━━ Given records ━━
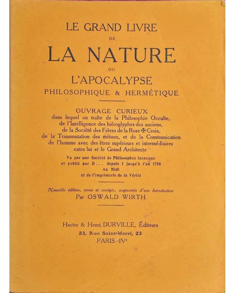 LE GRAND LIVRE DE LA NATURE, ou l'Apocalypse philosophique et hermétique. Ouvrage curieux, dans lequel on traite de la Philosophie Occulte, de l’intelligence des hiéroglyphes des anciens, de la Société des Frères de la Rose + Croix, de la Transmutation des métaux et de la communication de l’homme avec des êtres supérieurs et intermédiaires entre lui et le Grand Architecte. Vu par une Société de Ph :. Inc :. et publié par D.... Depuis I, jusqu’à l'an 1790. Au Midi, et de l’Imprimerie de la Vérité.
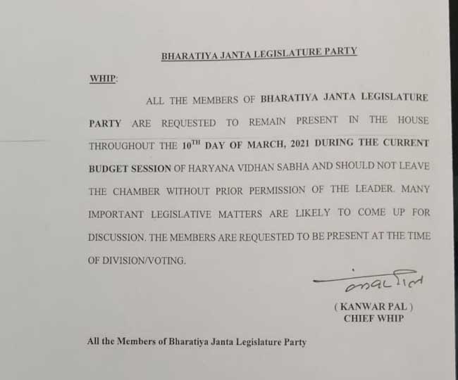 भाजपा द्वारा अपने विधायकों को जारी किया गया व्हिप।
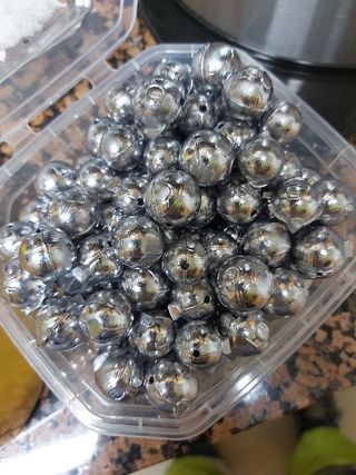 Plomo bola pasante. Con pesos de 10, 15, 20 y 25 gramos. Precio por kilo 14€. Mas en mi perfil. Si no me queda de algun peso, se hacen por encargo, no tardo mas de 1 dia en tenerlos.
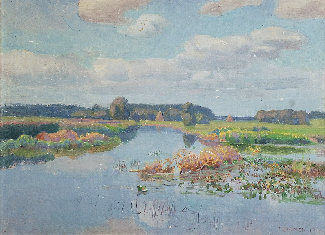 olej, tektura; 26,5 x 36 cm;sygn. i dat. p. d.: T. ZIOMEK 1912;na odwrocie napis: Staw oraz nr 84 (ołówkiem); obraz przed konserwacją.
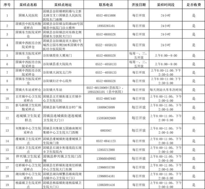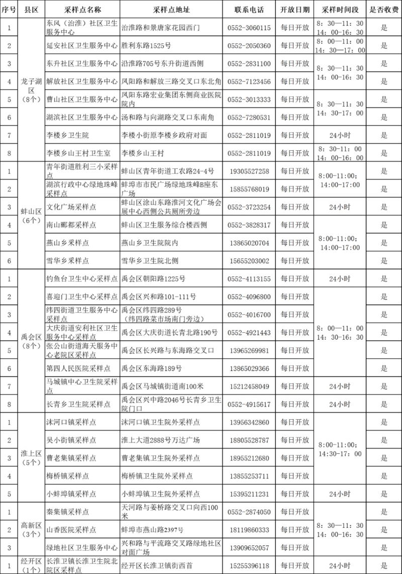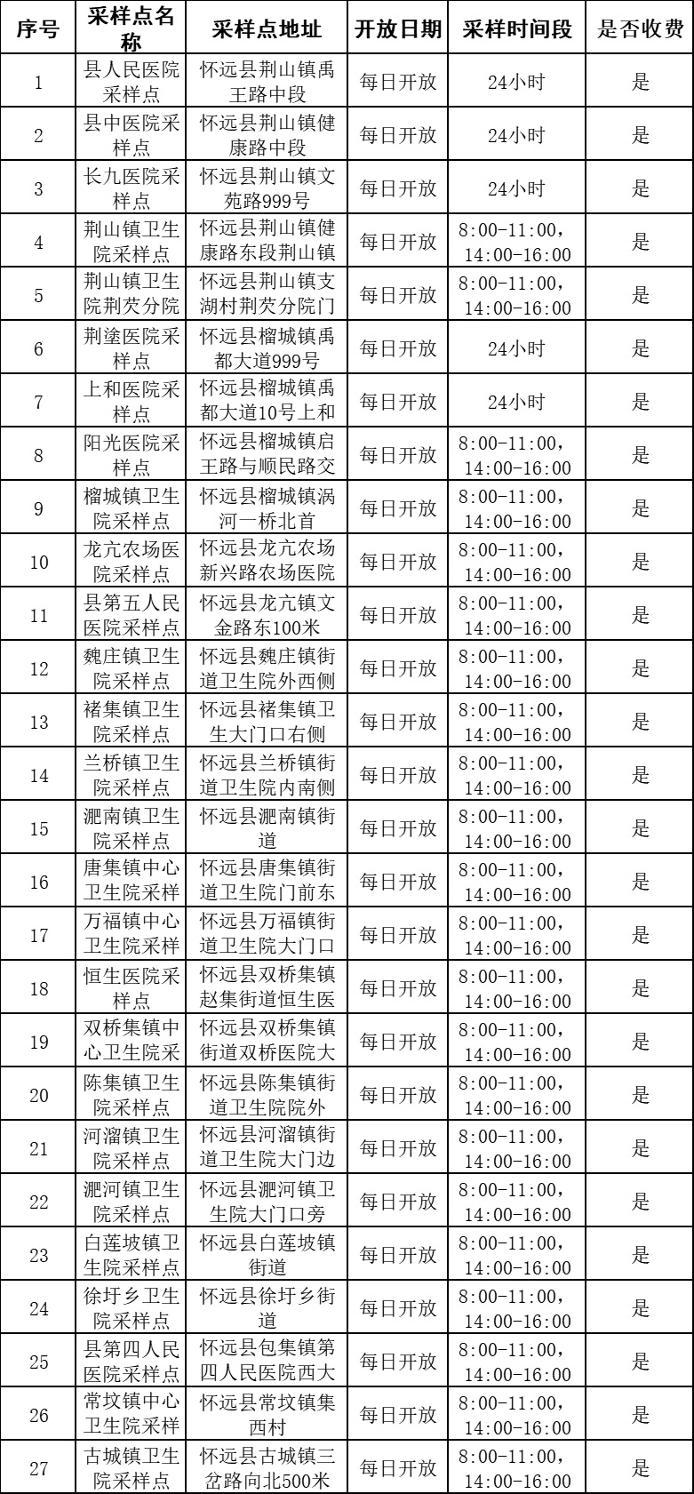 为保障我市人民身体健康,满足群众日常核酸检测采样需求,按照“愿检尽检、便民采样”的原则,我市各县区设置多个便民核酸采样点,具体名单附后。
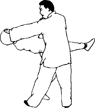 当乙方用左手推化甲右掌时,甲右掌顺势向左侧引 化。同时,左脚向前垫步,右脚向前上一步。甲右手接握 乙方右手腕,向右侧画弧翻腕,与右肩同高(图32- 151)。
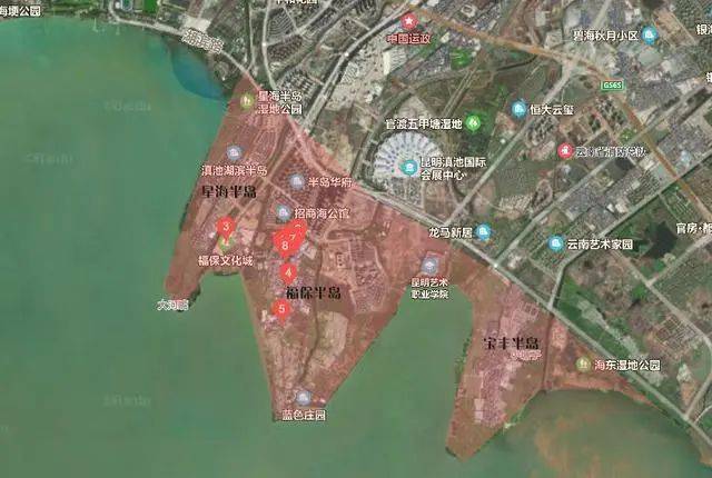 滇池的三个半岛从左到右分别是星海半岛、福保半岛及宝丰半岛,它们是昆明城区离滇池水面最近的地块,拥有稀缺的滨湖景观资源,适宜居住。福保村正式位于滇池三个半岛之一的福保半岛上。
━━━
Repeat each record exactly as shown above, dropping all images.

 LE GRAND LIVRE DE LA NATURE, ou l'Apocalypse philosophique et hermétique. Ouvrage curieux, dans lequel on traite de la Philosophie Occulte, de l’intelligence des hiéroglyphes des anciens, de la Société des Frères de la Rose + Croix, de la Transmutation des métaux et de la communication de l’homme avec des êtres supérieurs et intermédiaires entre lui et le Grand Architecte. Vu par une Société de Ph :. Inc :. et publié par D.... Depuis I, jusqu’à l'an 1790. Au Midi, et de l’Imprimerie de la Vérité.
 भाजपा द्वारा अपने विधायकों को जारी किया गया व्हिप।
 Plomo bola pasante. Con pesos de 10, 15, 20 y 25 gramos. Precio por kilo 14€. Mas en mi perfil. Si no me queda de algun peso, se hacen por encargo, no tardo mas de 1 dia en tenerlos.
 olej, tektura; 26,5 x 36 cm;sygn. i dat. p. d.: T. ZIOMEK 1912;na odwrocie napis: Staw oraz nr 84 (ołówkiem); obraz przed konserwacją.
 为保障我市人民身体健康,满足群众日常核酸检测采样需求,按照“愿检尽检、便民采样”的原则,我市各县区设置多个便民核酸采样点,具体名单附后。
 当乙方用左手推化甲右掌时,甲右掌顺势向左侧引 化。同时,左脚向前垫步,右脚向前上一步。甲右手接握 乙方右手腕,向右侧画弧翻腕,与右肩同高(图32- 151)。
 滇池的三个半岛从左到右分别是星海半岛、福保半岛及宝丰半岛,它们是昆明城区离滇池水面最近的地块,拥有稀缺的滨湖景观资源,适宜居住。福保村正式位于滇池三个半岛之一的福保半岛上。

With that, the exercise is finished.